El mundo de Aisha se había hecho añicos como un espejo de jade arrojado contra los escalones del palacio. Cada fragmento reflejaba una pesadilla distinta: sangre azul, susurros de dioses y una mujer de cabello plateado que la observaba desde el abismo.
La fiebre le serpenteaba por las venas, convirtiendo su piel en pergamino al rojo vivo. Entre los delirios, oyó la voz de Nyrith. No el dios de los pórticos sagrados, sino el hombre: un agricultor de manos callosas y sonrisa cálida, arrodillado, en un templo olvidado; ante una deidad de ojos lunares, colmados de una tristeza milenaria; y su cabello era una cascada de mercurio, cada hebra un destello de luna nueva
— ¿Por qué les das tu sangre si solo ansían tu poder? — preguntó la diosa, acariciando su mejilla con dedos que brillaban como perlas bajo el agua.

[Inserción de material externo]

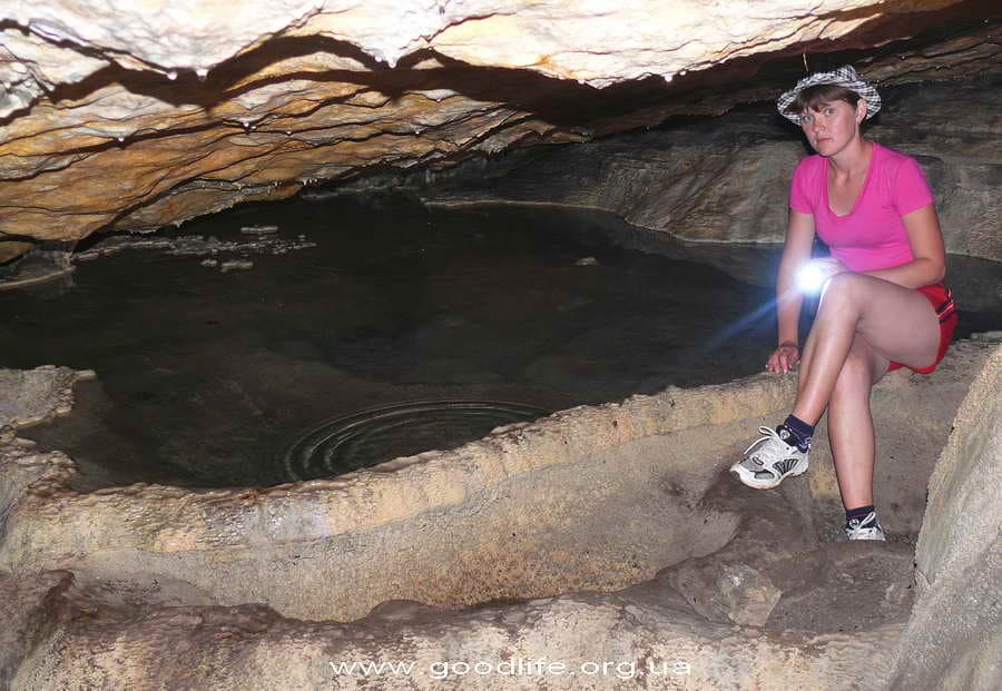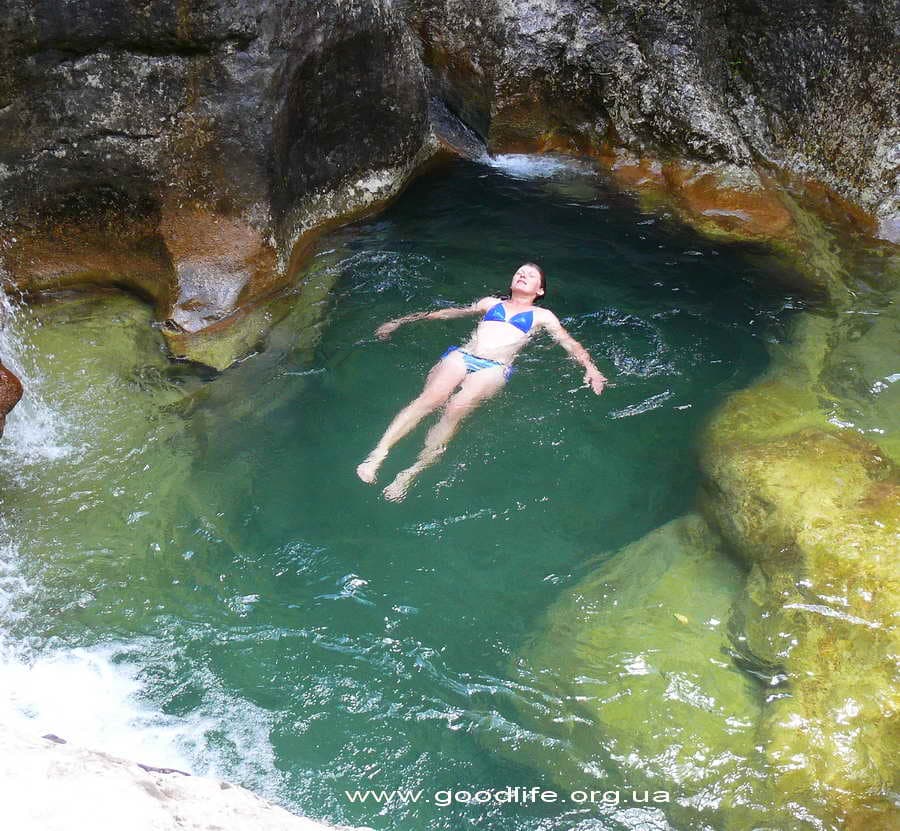 Только представьте себе: его глубина до 300 метров, а ширина русла местами до 2-х метров. Впереди неизвестность. Первой преградой на нашем пути стала ванна с водой, в которой была приличная глубина, нужно было перейти через нее по скользким бревнам. У меня не совсем удачно это получилось, немножко искупалась и намочила рюкзак, но настроение от этого не ухудшилось, а даже наоборот. Пройдя еще по нескольким ваннам вброд, думали, что дальше сухо и можно идти спокойно, но не тут то было. Дальше пошли одна ванна за другой. Некоторые проходили вброд, сначала босиком, затем уже в обуви, а некоторые приходилось обходить поверху, карабкаясь по скалам. Адреналин играет, любопытство переполняет, усталость не чувствуется. Бредем, плывем, карабкаемся и одновременно хочется, чтобы это скорее закончилось, и чтобы это длилось бесконечно!

Nyrith sonrió, esa sonrisa cálida que Aisha sintió como un puñal en el pecho, mientras observaba arder en sus ojos el mismo fuego que ahora consumía a Ragnar.
— Porque el hambre los hace hermosos — respondió, besando los nudillos de la diosa — Y tú me enseñaste que el amor es dar hasta que el alma sangre.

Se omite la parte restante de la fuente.